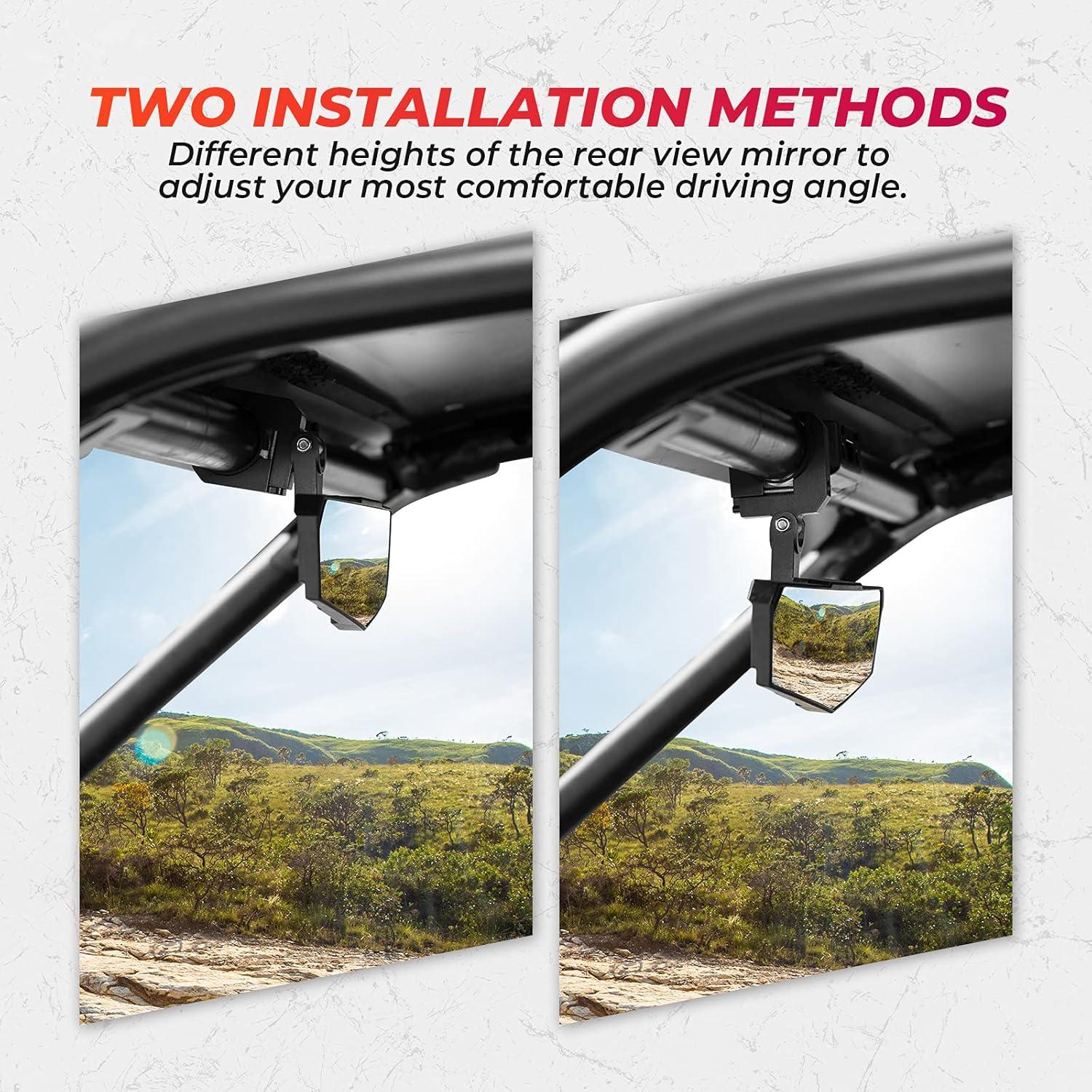 Better Driving Experience: The KEMIMOTO UTV center mirror mount has two installation methods, which can be adjusted in different ways according to your height. You no longer have to worry about being uncomfortable looking at the vehicle behind you during driving. At the same time, the low profile clamp design allows the UTV rear mirror to be windshield and roof compatible, maximizing the upgrade of your UTV.
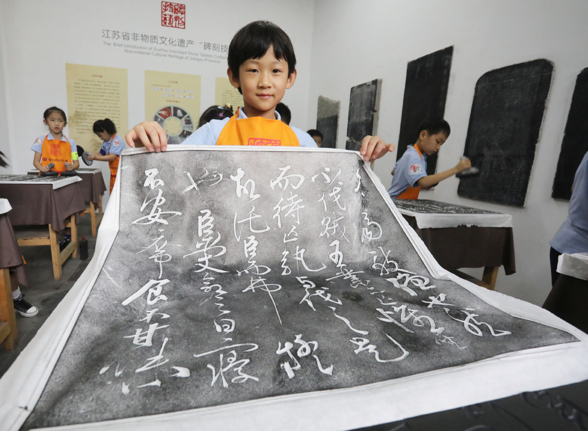 A primary school student tries out inscriptions at the Suzhou Museum of Inscribed Stone Tablets in Suzhou, East China's Jiangsu province, on July 7. Rubbings from inscribed stones are used to make "copies" of texts carved on stone tablets. More than 30 primary school students visited the museum to experience the art of traditional Chinese culture. [Photo/Xinhua]
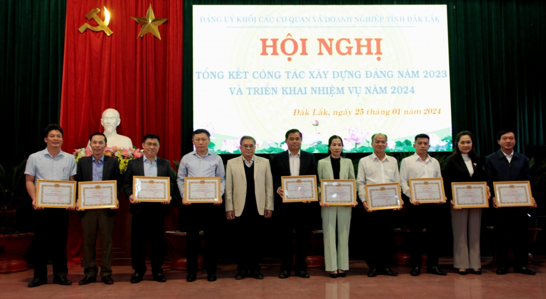| Phó Bí thư Huyện ủy, Chủ tịch UBND huyện Krông Năng Vũ Văn Mỹ trao Giấy khen của Chủ tịch UBND huyện tặng các tập thể. |
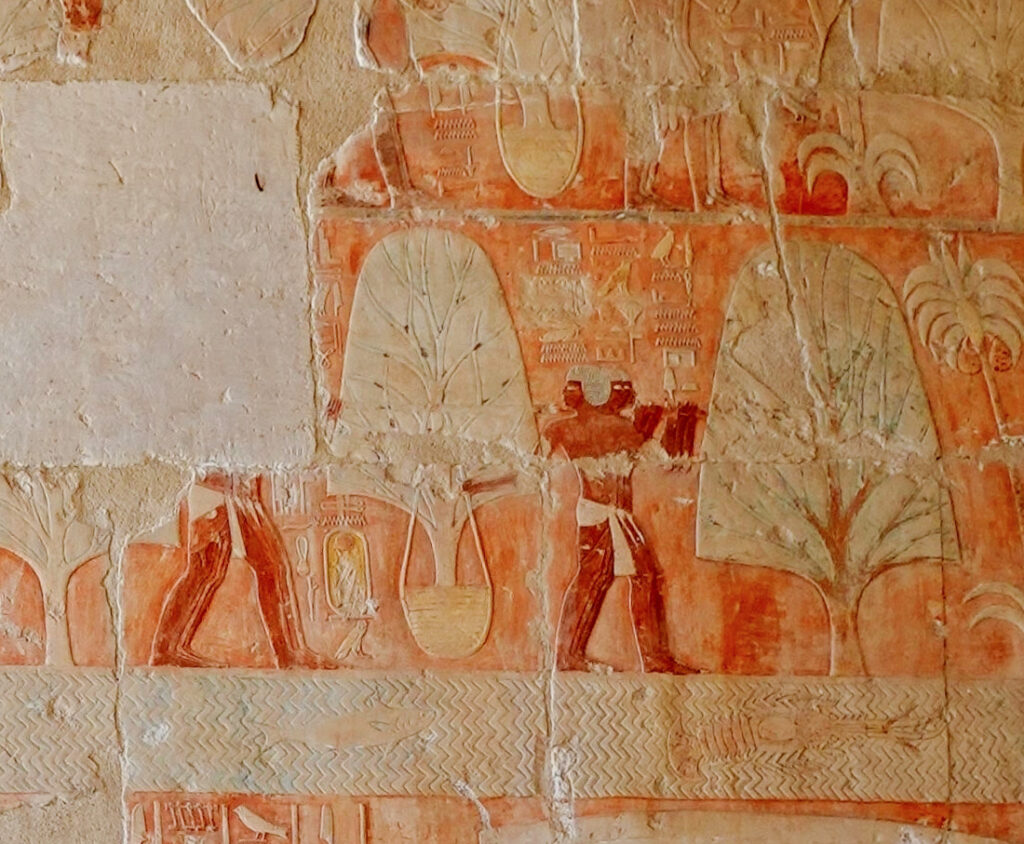 The trees depicted on the Punt reliefs at the Deir el-Bahari mortuary temple in Egypt were long identified as Boswellia. The reliefs commemorate the expedition organized around 1473–1458 BCE by Queen Hatshepsut to the faraway Land of Punt (Pwn.t), home of olibanum, myrrh and other goods highly prized in her kingdom. While the exact location of the ancient land of frankincense is still debated, most experts situate it in the northern part of the Horn of Africa2Kathryn A. Bard and Rodolfo Fattovich, Seafaring Expeditions to Punt in the Middle Kingdom, Leiden, Brill, 2018, pp. 156–175. https://doi.org/10.1163/9789004379602_008 or the west coast of modern-day Yemen3Frédéric Servajean, “Aromates et parfums d’Egypte” [Aromatic Substances and Perfumes of Egypt], in Senteurs célestes, arômes du passé. Parfums & aromates dans l’Antiquité méditerranéenne [Divine odors, aromas of the past. Perfumes & aromatic substances in Mediterranean antiquity] (Lattara archaeological site – Musée Henri Prades, June 20, 2024 – February 3, 2025), Frédéric Servajean and Diane Dusseaux (eds.), Gent, Snoeck, 2024, p. 22.. We know that the Egyptians returned from the trip laden with riches, including aromatic resins and living specimens of resin-producing trees to be transplanted in the Karnak temple to honor the god Amon4Although we know a great deal about the voyage arranged by Hatshepsut thanks to the wealth of iconographic and epigraphic documentation on the southern gate of Deir el-Bahari, it is just one of the fifteen or so expeditions to Punt organized during just over a thousand years of Egyptian history. (Frédéric Servajean, “Le pays de Pount et la quête des aromates” [The Land of Punt and the quest for aromatic substances] in Parfums d’Égypte. Du pays de Pount aux rives du Nil [Perfumes of Egypt. From the Land of Punt to the Banks of the Nile], (the Egyptian Museum in Cairo, December 1, 2024 – February 28, 2025), Hanane Gaber and Frédéric Servajean (eds.), Gent, Snoeck, 2024, pp. 164–167.).

* [INSTRUCTIONS FOR THE TASK]
Repeat the exact lines from the first line of the data through the line containing "các tập thể. |". Nothing else, no pictures.

* [WRITTEN SOLUTION]
 Better Driving Experience: The KEMIMOTO UTV center mirror mount has two installation methods, which can be adjusted in different ways according to your height. You no longer have to worry about being uncomfortable looking at the vehicle behind you during driving. At the same time, the low profile clamp design allows the UTV rear mirror to be windshield and roof compatible, maximizing the upgrade of your UTV.
 A primary school student tries out inscriptions at the Suzhou Museum of Inscribed Stone Tablets in Suzhou, East China's Jiangsu province, on July 7. Rubbings from inscribed stones are used to make "copies" of texts carved on stone tablets. More than 30 primary school students visited the museum to experience the art of traditional Chinese culture. [Photo/Xinhua]
| Phó Bí thư Huyện ủy, Chủ tịch UBND huyện Krông Năng Vũ Văn Mỹ trao Giấy khen của Chủ tịch UBND huyện tặng các tập thể. |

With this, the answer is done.